Lo … the pandemic arrived, turned the world upside down, and Covid-19 is still with us. It has put our industry to the test, big time. I have to say the pass rate has not been as high as it should have been. I’ve been perturbed by some things that have occurred in the industry during this crisis.

One of these was the migration of so many KiwiSaver members from Balanced and Growth Funds to Cash and Conservative Funds. In all, 250,000 KiwiSaver members made the switch early in the pandemic, during March and April 2020. This was a panic move, pure and simple, and the consequences were dire for these investors. They ended up well behind where they should have been had they not switched, their losses having crystallised as the markets made their resurgence.

This put the spotlight squarely on the importance of sound investment advice at a critical time. We’ve seen plenty of evidence of that here at FANZ. Our experienced team of advisers rolled up their sleeves and did a power of work when the markets took their initial tumble. They communicated, contextualised, reassured and yes, advised. As a result, we experienced a client switching level in March and April 2020 that was 10% of the industry as a whole (based on our Registry provider’s statistics) and our clients came through 2020 in pretty good shape. The lesson here: good, rational counsel is a necessary counterweight to the impulse to make rash decisions. And it will result in better customer outcomes. Now if I may, let us consider the Black Death. The topic is not unrelated. Europe’s 14th century Black Death was also a pandemic of course. It is what happened after that plague that fascinates me.

My source for this is a treatise written in 2016 by Kiwi historian Professor James Belich, now a distinguished academic at the University of Oxford. In Belich’s view, pandemics differed from droughts, fires, wars and earthquakes in that infrastructure remained intact after a pandemic. You did not have to eat your breeding stock in order to survive (!) As a result, economic recovery was quicker but also very different.

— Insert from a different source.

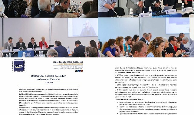 16 Mayıs 2025 tarihinde Bordeaux'da düzenlenen Genel Kurul Toplantısı vesilesiyle ve 28-29 Mayıs 2025 tarihlerinde Marmara Cezaevi'nde (eski adıyla Silivri Cezaevi) yapılması öngörülen ceza duruşmasını göz önünde bulundurarak CCBE, İstanbul Barosu Başkanı İbrahim Kaboğlu ve Yönetim Kurulu üyelerinin, adil yargılamanın temel güvencelerine saygı gösterilmeksizin 21 Mart'ta yapılan duruşma sonrasında görevden alınmalarını şiddetle kınamaktadır.

The Black Death wiped out half the population and in doing so doubled the GDP per capita of everything. The remaining population was healthier, the feudal system broke down and new methods and technologies emerged, most driven by a labour saving imperative. For example, a cargo ship that could tack into the wind was invented because you no longer had 200 sailors available to row the ship into harbour in a head wind. Improvements to weapons and armour also emerged, necessitated by depleted numbers of soldiers. The capacity and power of many European countries to go out and colonise the world was largely derived from the technological revolution that followed the Black Death.

My feeling is that we may well look back and see roughly similar trends in the post Covid-19 world. New technologies and work practices have already emerged or have made more rapid progress as a result of the crisis. Some countries will be able to use the momentum gained from having had a relatively “good” pandemic to enhance their position in the world. The changes wrought by the virus will challenge every nation’s powers of adaptability. Some will do better than others.

It’s an example of “hindsight being the best insight into foresight”.